Attribution scores claim certain tokens are important. Let's validate by removing high-attribution tokens and measuring the change in prediction.

In [None]:
from transformers import GPT2LMHeadModel, GPT2Tokenizer

# Load raw model for ablation experiments
tokenizer = GPT2Tokenizer.from_pretrained("gpt2")
raw_model = GPT2LMHeadModel.from_pretrained("gpt2")
raw_model.eval()

def get_token_probability(model, tokenizer, prompt, target_token):
    """Get the probability of target_token given prompt."""
    inputs = tokenizer(prompt, return_tensors="pt")
    target_ids = tokenizer.encode(target_token, add_special_tokens=False)
    
    with torch.no_grad():
        outputs = model(**inputs)
        logits = outputs.logits[0, -1]  # Last position
        probs = torch.softmax(logits, dim=-1)
        return probs[target_ids[0]].item()

# Original probability
orig_prob = get_token_probability(raw_model, tokenizer, pun_prompt, pun_completion)
print(f"Original P('{pun_completion}'): {orig_prob:.4f}")

In [None]:
def ablate_token(prompt, token_idx, replacement=""):
    """Replace a token at the given position."""
    tokens = tokenizer.encode(prompt)
    # Decode each token, replace the one at token_idx
    token_strs = [tokenizer.decode([t]) for t in tokens]
    token_strs[token_idx] = replacement
    return "".join(token_strs)

# Get attribution scores
tokens, scores, top_indices = analyze_pun(ig_model, pun_prompt, pun_completion)

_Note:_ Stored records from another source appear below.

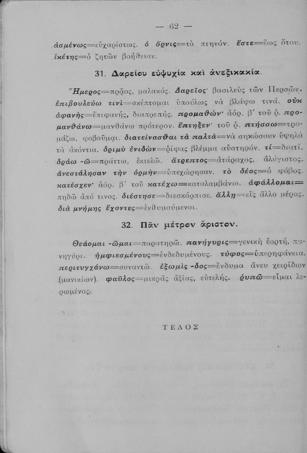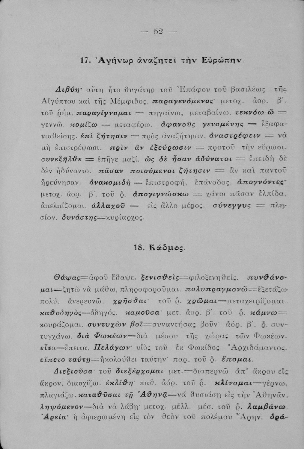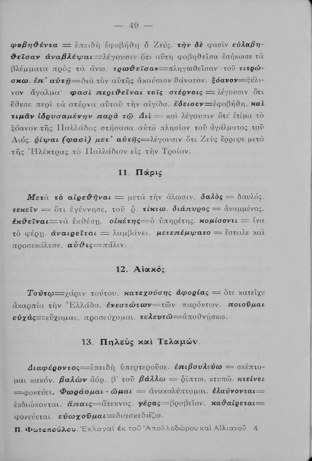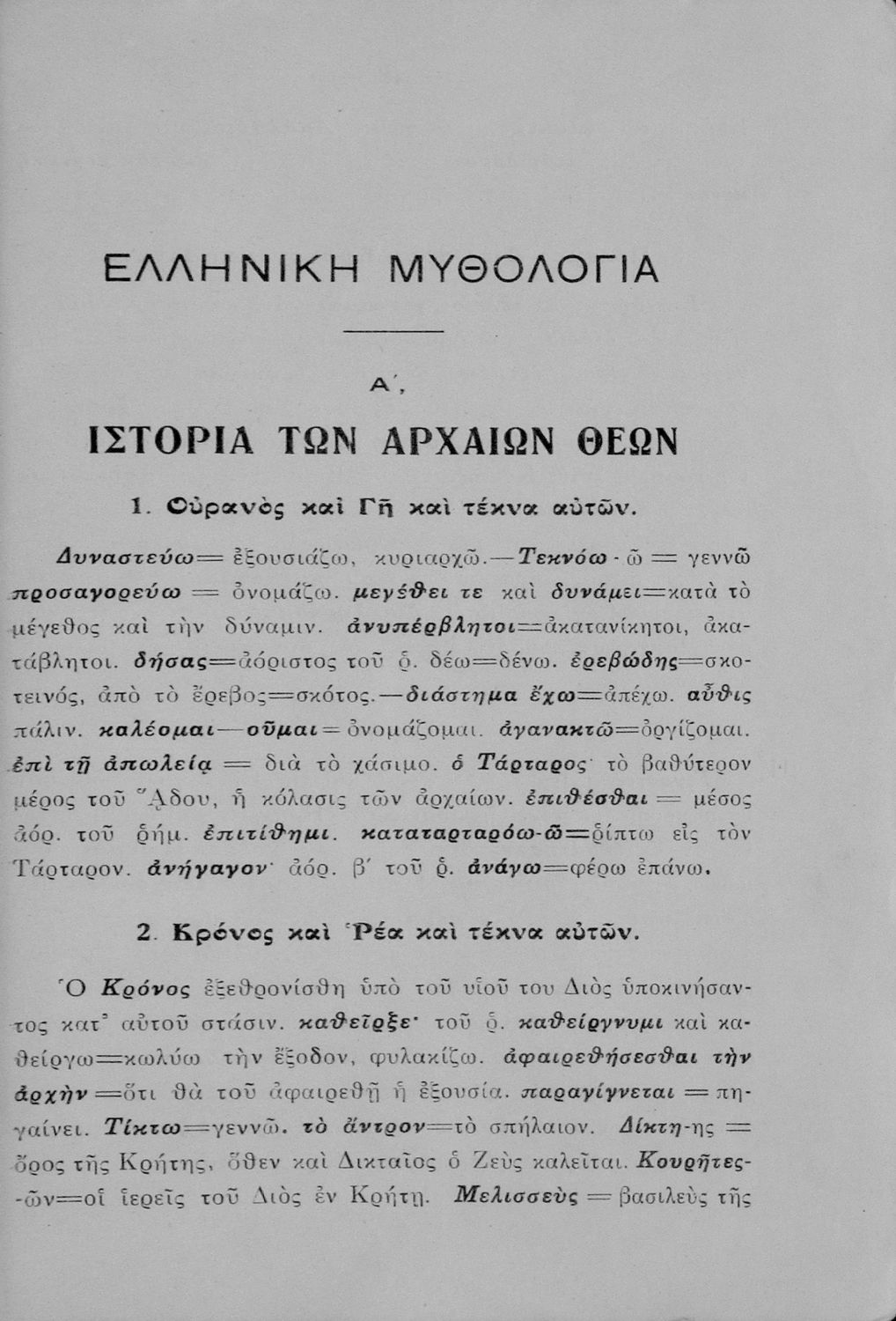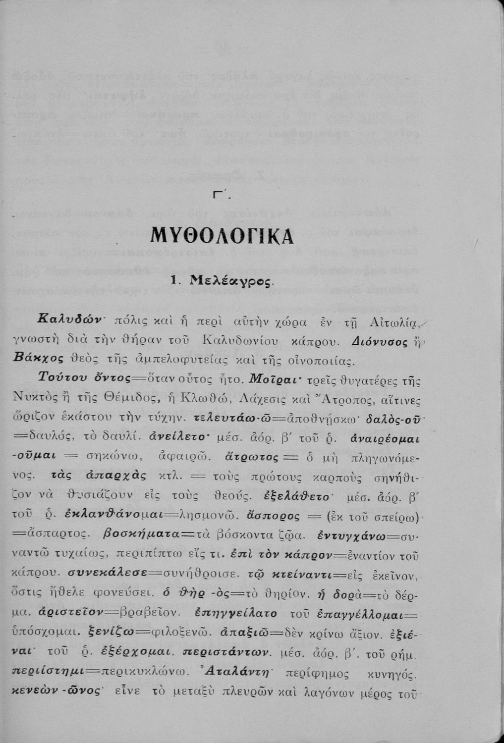 Βαθμίδα εκπαίδευσης: Δευτεροβάθμια Τάξη: Α' Γυμνασίου Μάθημα: Αρχαία Ελληνικά Γλώσσα: Καθαρεύουσα Παρουσίαση περιεχομένου: Σχολικό εγχειρίδιο Αρχαίων Ελληνικών Α΄ Γυμνασίου που περιλαμβάνει εισαγωγή στη ζωή και το έργο των Απολλόδωρου και Αιλιανού, αποσπάσματα από τη Βιβλιοθήκη του Απολλόδωρου και την Ποικίλη Ιστορία του Αιλιανού και ερμηνευτικές παρατηρήσεις και σχόλια. |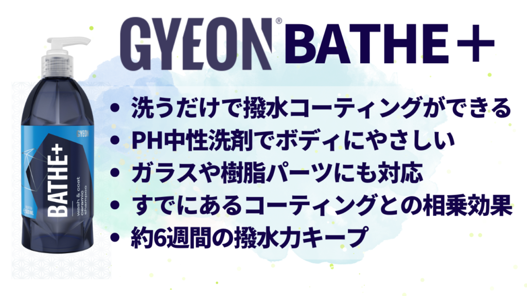 GYEON BATHE+ is not just a car shampoo, but a hybrid type that simultaneously cleans and protects.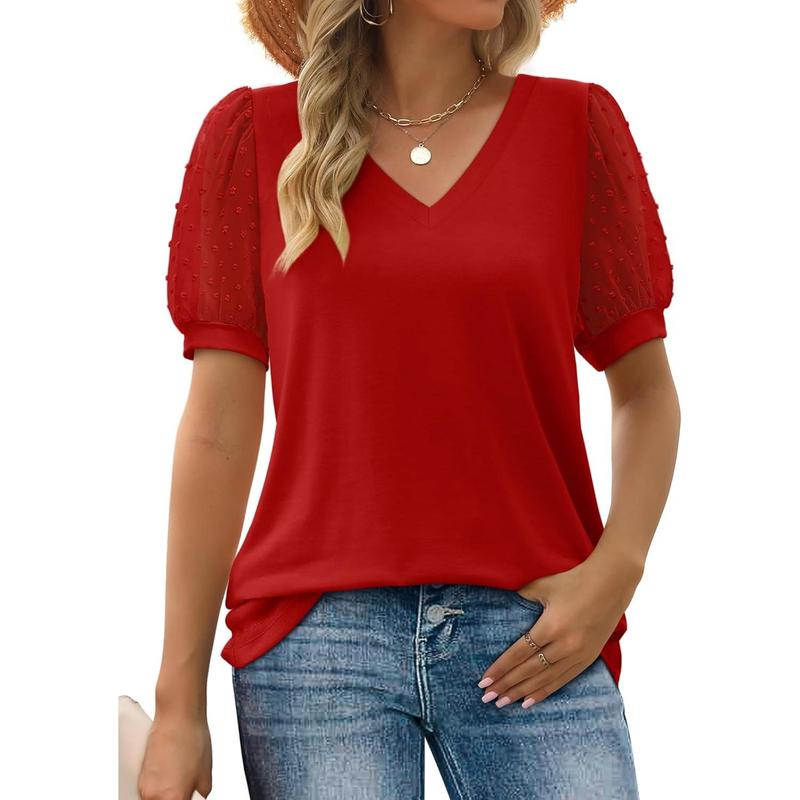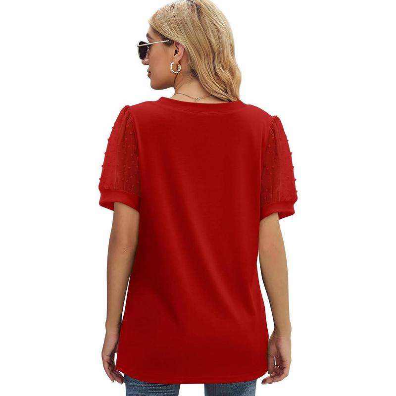 Swiss Dot Puff Sleeve Women's Tops Dressy Casual - Essential Summer T-Shirts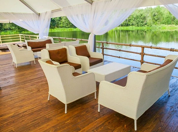 All inclusive-hotellet i Moskva-regionen erbjuder sina gäster omfattande rekreationsmöjligheter. Varje gäst här kommer att hitta något som de gillar. En mängd olika underhållning kommer att glädja par med barn. På hotellets territorium finns en bondgård, som är en liten djurpark, en studsmatta, ett bra barnrum, animatörer arbetar hela dagen. Vuxna kan rida på hästar, fiska, spela biljard eller tennis, steka grill. Det finns paintball, laser tag, en skjutbana, en skridskobana och ett gym. Måltider är tre gånger om dagen, organiserade enligt buffésystemet. Rätterna är varierade och utsökta. Besökare är frustrerade bara över att inte den senaste renoveringen i rummen och den lilla storleken på inomhuspoolen.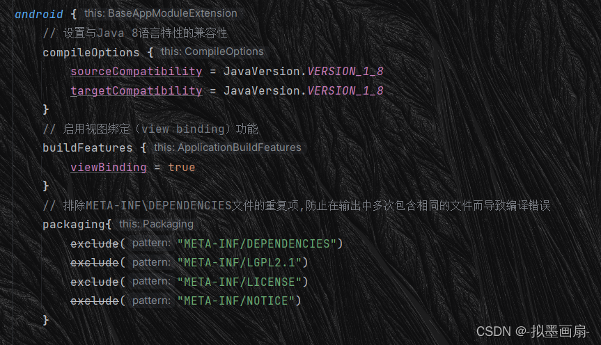 // 排除META-INF\DEPENDENCIES文件的重复项,防止在输出中多次包含相同的文件而导致编译错误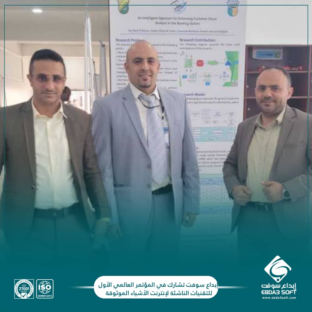 حيث قدّم د.سلطان يحيى السلطان أحد محكمي الأبحاث العلمية في المؤتمر وعضو فريق إبداع سوفت، ملخصًا علميًا عبر بوستر يوضح آلية العمل باستخدام الذكاء الاصطناعي لمعالجة ظاهرة تسرّب العملاء.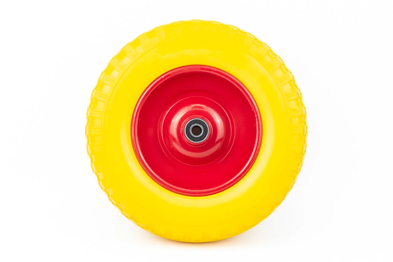Колесо на тачку "ПІНОПОЛІУРЕТАН" 4,00-6, пром-підшипники під вісь 12мм, жовто-червоне, ШИНИ

print("Ablation study: removing high-attribution tokens")
print("=" * 60)
print(f"Original prompt: '{pun_prompt}'")
print(f"Original P('{pun_completion}'): {orig_prob:.4f}")
print()

# Ablate top contributing tokens
for idx in top_indices[:5]:
    token = tokens[idx]
    ablated_prompt = ablate_token(pun_prompt, idx, "[MASK]")
    
    # We can't easily get probability with masked token in GPT-2
    # Instead, let's just remove the token
    tokens_list = tokenizer.encode(pun_prompt)
    tokens_removed = tokens_list[:idx] + tokens_list[idx+1:]
    reduced_prompt = tokenizer.decode(tokens_removed)
    
    new_prob = get_token_probability(raw_model, tokenizer, reduced_prompt, pun_completion)
    delta = new_prob - orig_prob
    
    print(f"Remove {repr(token):12} (attr: {scores[idx]:+.4f}): P = {new_prob:.4f} (delta: {delta:+.4f})")

In [None]:
# Compare: ablate LOW attribution tokens
print("\nAblating LOW-attribution tokens (should have less effect):")
print("=" * 60)

low_indices = np.argsort(np.abs(scores))[:5]  # Lowest attribution

for idx in low_indices:
    token = tokens[idx]
    tokens_list = tokenizer.encode(pun_prompt)
    tokens_removed = tokens_list[:idx] + tokens_list[idx+1:]
    reduced_prompt = tokenizer.decode(tokens_removed)
    
    new_prob = get_token_probability(raw_model, tokenizer, reduced_prompt, pun_completion)
    delta = new_prob - orig_prob
    
    print(f"Remove {repr(token):12} (attr: {scores[idx]:+.4f}): P = {new_prob:.4f} (delta: {delta:+.4f})")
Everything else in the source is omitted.